The entangled nature of lichen led University professor Diane Willow and the CHANT collaborative, an intercollegiate group of artists and community health equity leaders, to create an event where people can come together across interests to discuss the unique organisms.

“(The Symposium) is both inter- and transdisciplinary,” Willow said the day before the Symposium. “There are some of the artists involved who are very interested in science and then there are a lot of scientists who are very interested in art.”

CHANT, which stands for Culture, Healing, Art, Nature and Technology, began in 2022 and is committed to researching creative interdependence at the nexus of each of those disciplines, according to its official description.

This research brought them to lichen and then to the book “The Lichen Museum,” published by the University of Minnesota Press and written by Alison Laurie Palmer, a professor of art at the University of California-Santa Cruz.

Palmer flew out from Santa Cruz for the Symposium and led the lichen walk, an activity that “The Lichen Museum” centers around.

“The lichen museum is absolutely everywhere, and all you have to do is look really closely,” Palmer said to symposium participants before the walk.

Under their magnifying glasses, participants observed shield lichen stretching across ridged tree bark and another species dotting concrete bricks encircling a rock garden that glowed orange under ultraviolet light.

A small child stomped around in rainboots and squealed with delight at each discovery. Lichenologists conversed about species and answered questions from other participants.

Other Symposium activities included screenprinting lichen-inspired bookmarks with Bohemian Press and small-group ruminations about the physical and metaphysical natures of lichen.

Participants wrote questions such as, “Am I a lichen?” “Do lichen taste like they smell?” and “Is God a lichen?” on pieces of paper laser cut into the shapes of different lichen species, which were taped to a wall in Regis East, arranged like a growing lichen colony.
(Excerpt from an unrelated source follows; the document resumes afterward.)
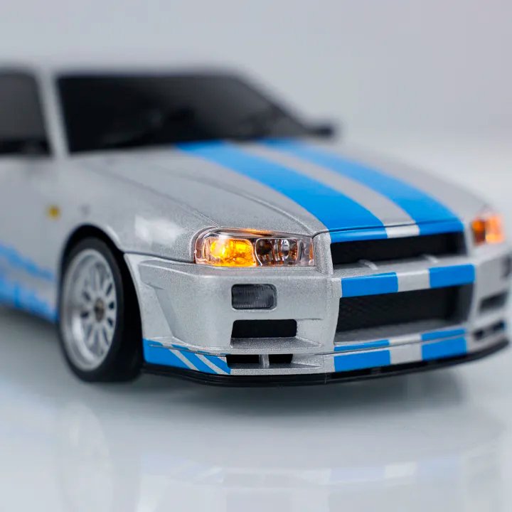 Оригинальная модель Skyline R34 GT-R. Модель выполнена в масштабе 1:18, а внешний вид выполнен в соответствии с фактическими пропорциями. Применяется многорычажная конструкция подвески, которую можно регулировать, передние и задние колеса можно наклонять внутрь и наружу. Машинка имеет полностью пропорциональное управление как ускорения, так и поворота колес. Плата аккумуляторной батареи имеет защиту от перезаряда и переразряда, защиту от низкого напряжения. Оснащен литиевой батареей 7,4 В, 500 мА, USB-кабелем для зарядки, двигателем 180 класса. Встроенный гироскоп позволяет машине удерживать заданную траекторию, помогая вам получать максимум азарта от динамичных заездов!

Most interestingly, art professors Amy Youngs and Doo-Sung Yoo from Ohio State University led a two-part activity called Fungal Entanglements. Recreating a performance by the OSU Lichen Likers group, Youngs and Yoo helped participants create costumes by tying fabric scraps to lichen-covered tree branches.

The costumes ultimately became one interconnected piece, entangling the participants with each other. Youngs and Yoo then led the participants in a procession around West Bank that evoked the feeling of being in an interconnected web of life.

Second-year graduate student and CHANT member Mai Tran mostly stood on the sidelines taking photos, so she didn’t participate in Fungal Entanglements.

Tran, however, did contribute six, nine-foot-tall, 38-inch-wide woodblock prints, one for each color of the rainbow, that hung in the Regis East lobby during the symposium, a project she called her greatest achievement of the semester.

The prints depict the Star Rosette Lichen, a species that has been recorded in 75 of Minnesota’s 87 counties, according to MinnesotaSeasons.com.

Tran said the 32-by-72-inch block used to make the prints took two weeks of nonstop carving, a process she said would normally take her three to six months.

With assistance, the prints were created across two 12-hour days in the printmaking shop. A time-lapse of the process played on a screen in the lobby.

Tran sought to create something reflective of where she lives, and found that the black spots of the Star Rosette evoked Minnesota’s lakes and that its arrangement took the shape of a river, the same setting where she first found the lichen.

Overall, Tran said she came away from the Symposium with a new perspective on lichen and knowing a lot more about them.

“We don’t think of (lichen) as pretty or helpful, but now I want to pay more attention to them,” she said. “It’s good to open that to the public, and hopefully we can make the world better.”